As a libertarian I recognize that the government has to raise revenues so that it can provide essential services such as a justice system, police and defense. The old fashion way was with import duties. I submit to you that eliminating the corporate tax and in compensation putting in a $100 a barrel oil import tax would raise revenues and repatriate capitaL and jobs. It would be unfair at the beginning, Texas oilmen will be thankful, but less so as time goes by as alternative energy develops a following. Similar to the Constitution`s command structure there is less micro managing and more sweep with this swap of inefficient with efficient taxing.

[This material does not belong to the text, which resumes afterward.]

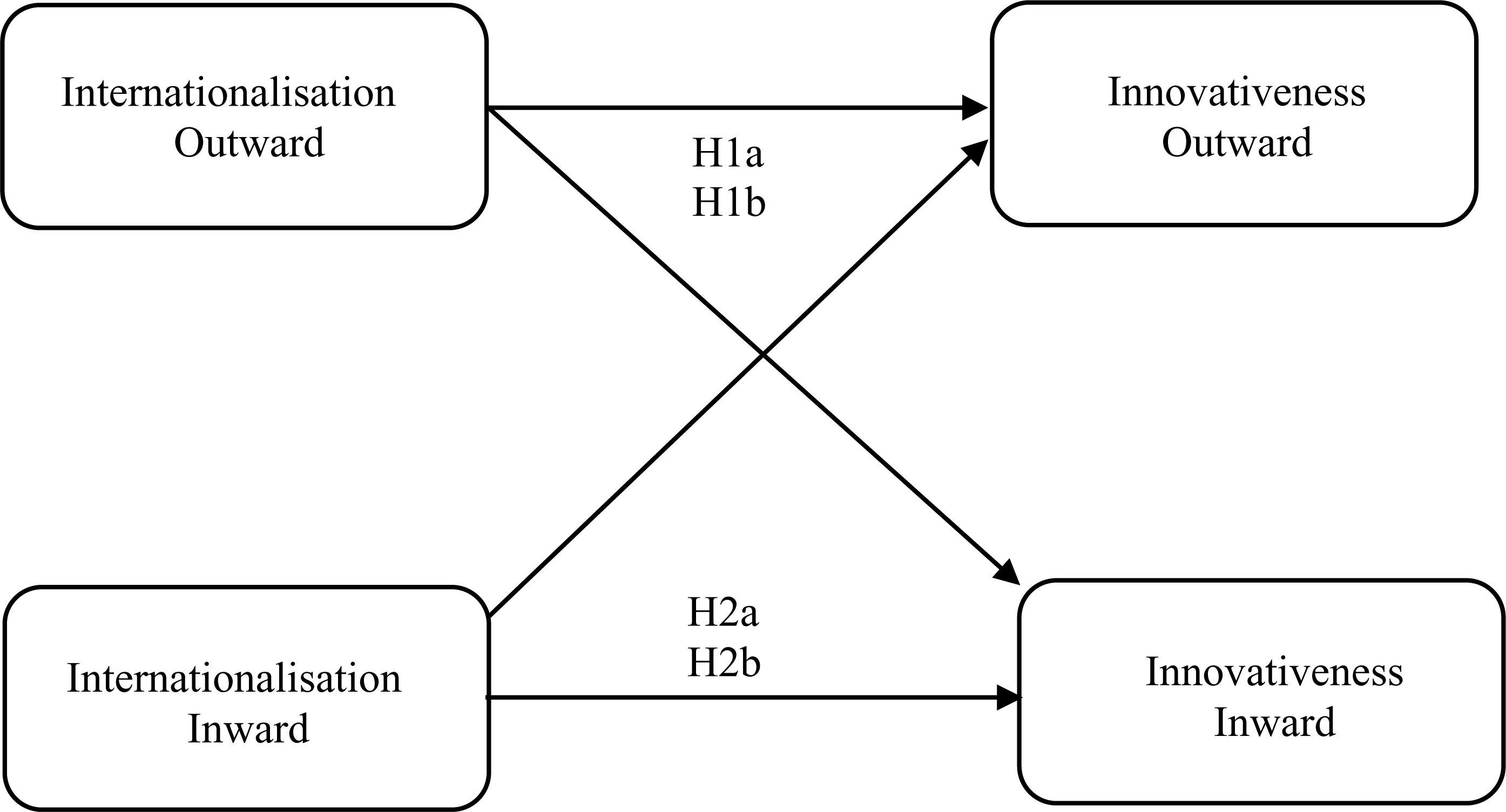 H2a: Inward internationalization is positively related with outward innovativeness. H2b: Inward internationalization is positively related with inward innovativeness.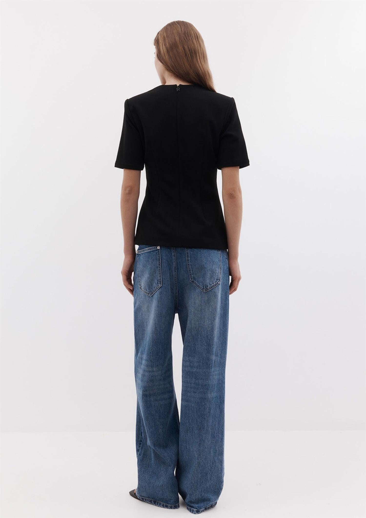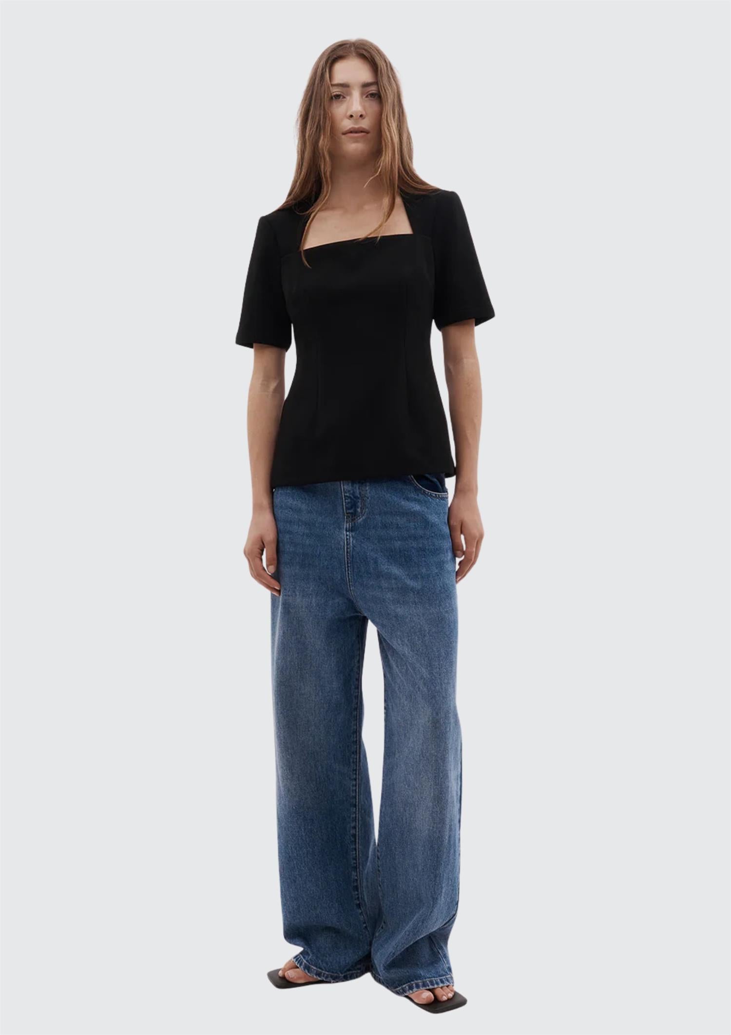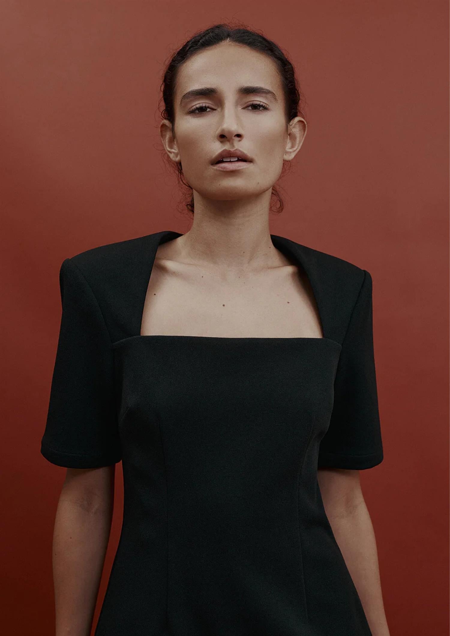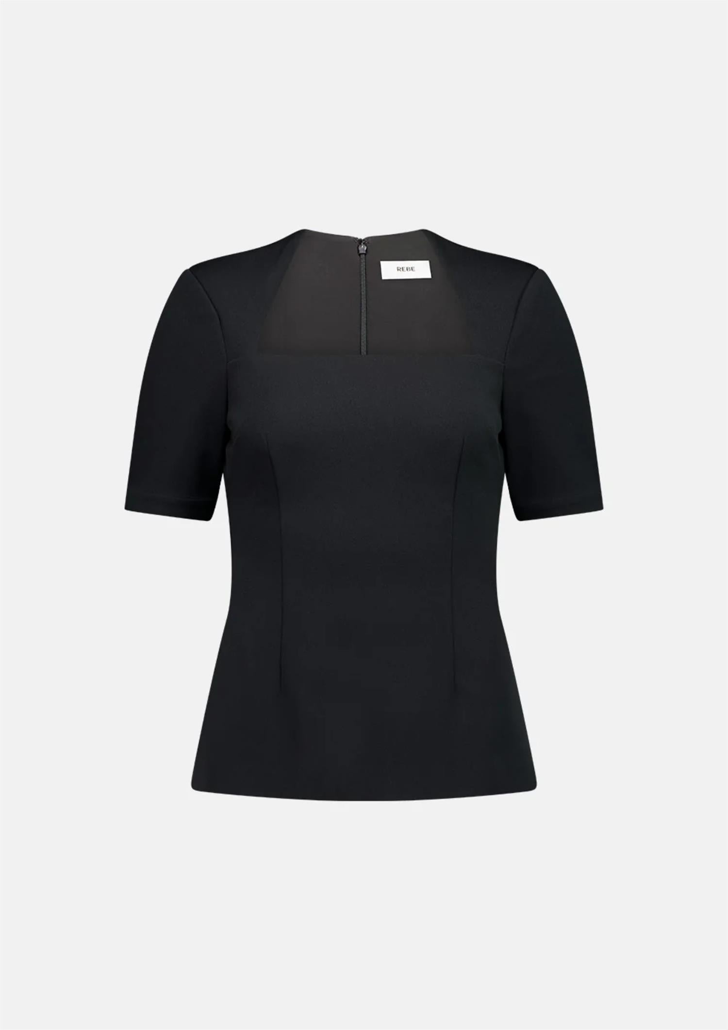 BESKRIVELSE: Elise-toppen har polstrede skuldre og en firkantet halsutringning for en skarp, strukturert silhuett. Den er formet i midjen for en flatterende passform, laget av komfortabelt, stretchbundet kreppstoff og lukkes med glidelås bak.

Wednesday, February 16, 2011

Hoodwink Germany

   Previously I mentioned that it would take a century before German bankers would listen to a wall street proposition. With the announcement that the German Bourse is about to buy the New York Stock Exchange, I guess I was wrong.  My reference was Michael Lewis's "Liars Poker" where he was in London in the 1980's and sold a German investor a bill of goods under the guise of a smart deal.  I can't understand why today's German Banker would countenance another good investment from Wall Street.

   In the meantime getting the conservator of Fannie and Freddie to convert a big percent of their  debt to equity is no hoodwink of our friends in China and elsewhere that are big investors in that debt. The Prospectus clearly stated that the debt was not covered by the full faith and credit of the U.S. Government.  Making this debt to equity conversion will teach future investors not to mistake GSE debt for U.S. GOV debt again and pretty well kill all the MAES, Sally and so on.

   Congress can not mandate that sovereign funds to buy crap. The best insurance is one where the seller has the most to lose if the loan goes bad.  If a bank wants to sell it's portfolio but has to keep the riskiest first 10% tranche, then I believe our Swiss and German friends may consider buying Mortgage Backed Securities from them in the future. I don't believe, on the other hand, that they will will feel secure because of greater government regulatory scrutiny and credit scoring from Moody's and the like.  And I don't believe that without a 10% retention scheme that the private market will be able to bundle mortgages in a similar manner as Fannie and Freddie.

   Finally I get annoyed when there is a call for greater regulation as a solution to a market problem.  Fear of failure is the great regulator.  If Congress would legislate less like a micro manager and more like a commander, for example banks are to be regulated under such and such rules versus no financial institution can be bigger than one percent of the U. S. GDP, the later would give a much a healthier result.

Sunday, February 13, 2011

What to do about Fannie and Freddie

The treasury just released their report and it misses the most important idea completely, which is that the taxpayer can never be a back stop to the mortgage business. Private markets are completely capable of securitizing loans and it was Fannie`s misguided attempt to keep market share, when all their models said pull out, that exacerbated the real estate bubble. William Ackman`s idea of converting a significant portion of Fannie`s debt to equity would speed privatizing to a matter of a year and not the expected decade of the report. Another idea not mentioned is that mortgage issuers retain the 1st 10% of risk of loans sold to those who bundle the loans into securities. This feature would improve the quality of the loan`s underwriting, documentation and freedom from fraud more reliably than a micro managed regulatory approach.
Have no fear that these points are just too simple for the administration and Congress to fathom. Complexity, fairness, influence and perverse Washington group think will keep the GSE`s festering forever. In the meantime it will take a century before Wall Street can hoodwink German banker`s into shoddy Detroit slum based product again. If I were a Swiss or German Banker I`d drop the phone at the first mention of the caller`s assertion of a Wall Street connection.